My dad, an immigrant, recently told "The Ukrainian's" parents, also immigrants, that being in America is great, because we can do basically do whatever we want.
I wake up each day knowing this, but to me, it's so expected that I don't give it a second thought and yes, take it for granted. I am infinitely thankful that my parents decided to continue their lives here, a foreign place where they felt/feel a bit out of their element. On that same vein, I'm glad that others who have brought over the ideas that make this country what it is to have made that same decision.
Grew up poor? No problem... you can work your way up, to an extent. Don't like our president? Sure, go ahead and diss him. Want to marry someone outside of your race (and maybe soon, inside your gender)? Deal with the disappointment of your parents, but the paperwork is still yours for the filling.
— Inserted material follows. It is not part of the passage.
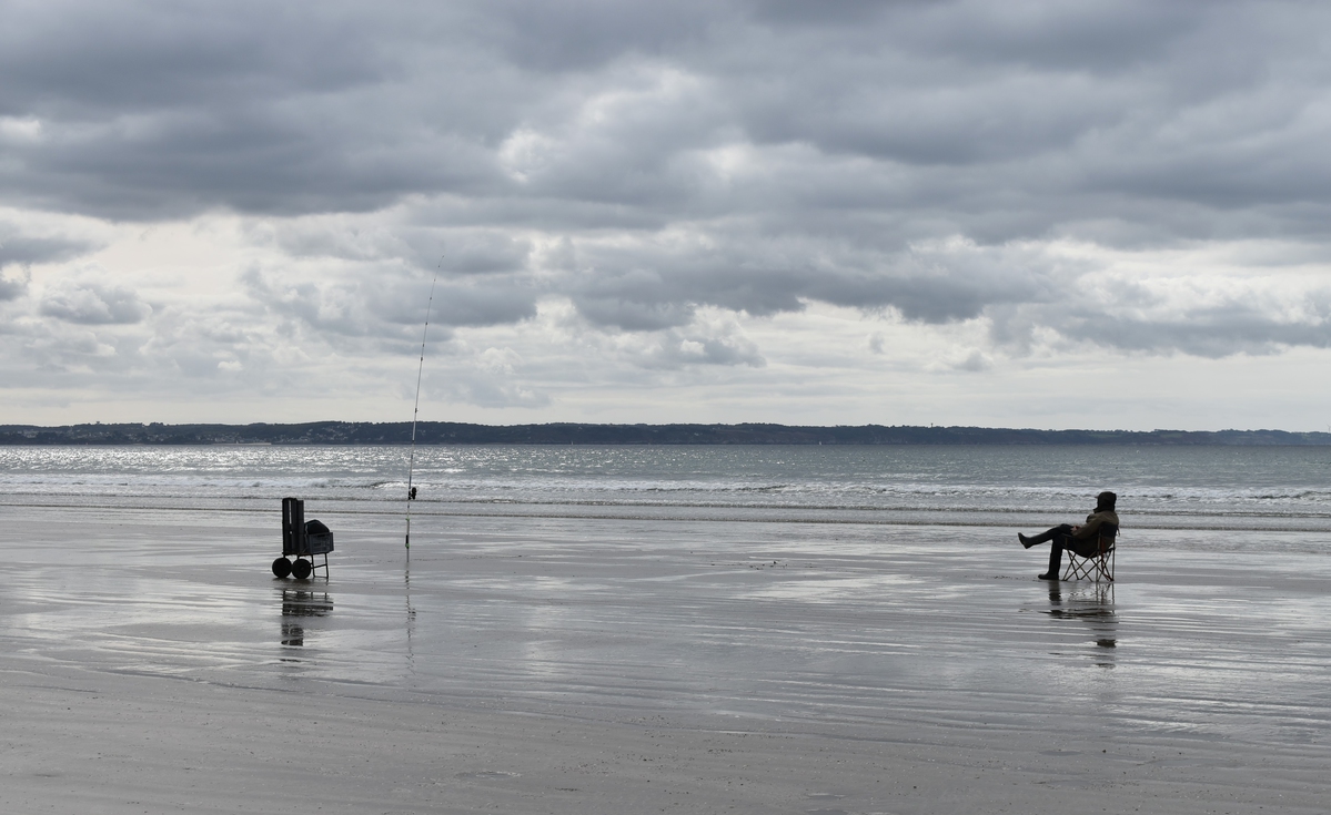 Le pêcheur qui attend et qui attend... Je modifierai le cadrage en pano pour dynamiser la scène en éclaircissant le matériel et lui-même. + assombrir le ciel

I have had SO much opportunity here. I get paid without having to physically toil or work on most weekends. I pretty much have everything I could want and am not frequently put down because of my gender or ethnic background.
Eleven years ago, I was listening to the local hip-hop station, notorious for its off-the-wall jokes, while my older sister was driving me to school. The host, "Big Boy," announced that the World Trade Center had been hit by a plane. Thinking that it was a distasteful joke, I walked into the hallway in front of my first period class and saw it was already open and filled with students, not from my class, eyes glued to the television.
It was no joke. And seriously, it took me nearly a month to be able to concentrate again. My grades weren't the best during this time because I literally tried to watch the coverage each time I was doing my homework, felt the sadness, and in the back of my mind, I was worrying about whether there was more to come or what.
Later on, we were forced to write a paper in our English class about why war is "evil." I think there was some quote that was used to open the prompt, but it was strange that we were asked to write of this whether we agreed or disagreed with that notion.
I never sat in an airplane before this time, so the first time I did, I finally got to see what all the hoopla about taking off your shoes and security screening was all about. Pulling in and out my quart baggie and laptop over and over again and even having my luggage searched once because I was carrying too many running medals feels warranted and expected. On a recent flight, I was randomly selected for "further screening," and I obliged with no tinge of annoyance at all. Each time I fly, I am reminded of that day and am thankful to have the freedom to fly and the peace-of-mind that comes from others looking out for our safety.
I will end with a note about this election season -- please educate yourselves and make a choice -- while no choice is perfect, your ability to vote is one of those things that your predecessors wished they would have had. Also, in general, politics is not worth fighting over with your friends or significant others. Have your beliefs, but you might not want to have them alone.